Looks like there is only one process using GPUs in your application while there should be 8 processes? Did you create DDP instances with proper device ids in all processes? Could you please share a min snippet of your Python script that can reproduce this behavior?

Hi, @mrshenli
Thanks a billion for your reply. I didn’t set CUDA_VISIBLE_DEVICES, I set env as follows:

def train(args):
    torch.backends.cudnn.benchmark = True
    dist.init_process_group('nccl')
    torch.cuda.set_device(args.local_rank)
    device = torch.device('cuda', args.local_rank)
    ....
    model = model.to(device)
    model = torch.nn.parallel.DistributedDataParallel(model, device_ids=[args.local_rank], output_device=args.local_rank)
    criterion = criterion.to(device)
    ...
    
        lr_imgs = lr_imgs.to(device)
        hr_imgs = hr_imgs.to(device)

simiar settings in another model training, gpu utilization is balance. It’s very strange.

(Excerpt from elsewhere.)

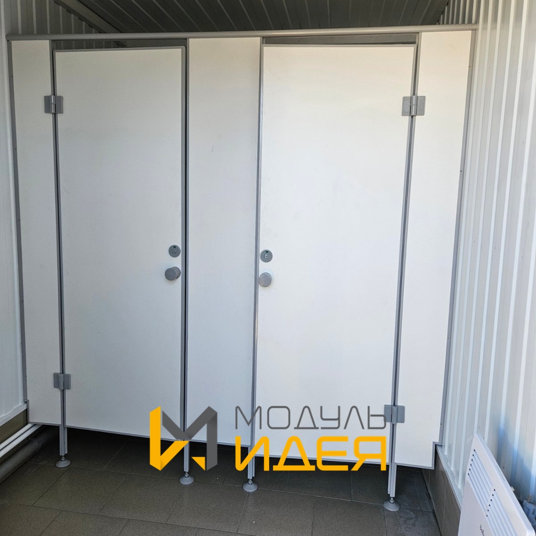 - Для санитарных кабин «М» и «Ж» входная металлическая дверь с врезным замком и доводчиком размер 2100х900 мм.

I tried set CUDA_VISIBLE_DEVICES , it didn’t work.

Hi @Tyan

How did you set CUDA_VISIBLE_DEVICES? Is it sth like os.environ["CUDA_VISIBLE_DEVICES"]=f"{args.local_rank}" in every individual process before running any cuda related code?

Besides, can you try swapping the order of the following two lines? I am not 100% sure, but ProcessGroupNCCL might create CUDA context on the default device.

    dist.init_process_group('nccl')
    torch.cuda.set_device(args.local_rank)

@mrshenli
Yeah. I have tried what you said. It didn’t work. Current setting:

def train(args):
    # Env
    os.environ["CUDA_VISIBLE_DEVICES"] = str(args.local_rank)
    torch.backends.cudnn.benchmark = True
    torch.cuda.set_device(args.local_rank)
    dist.init_process_group('nccl')
    device = torch.device('cuda', args.local_rank)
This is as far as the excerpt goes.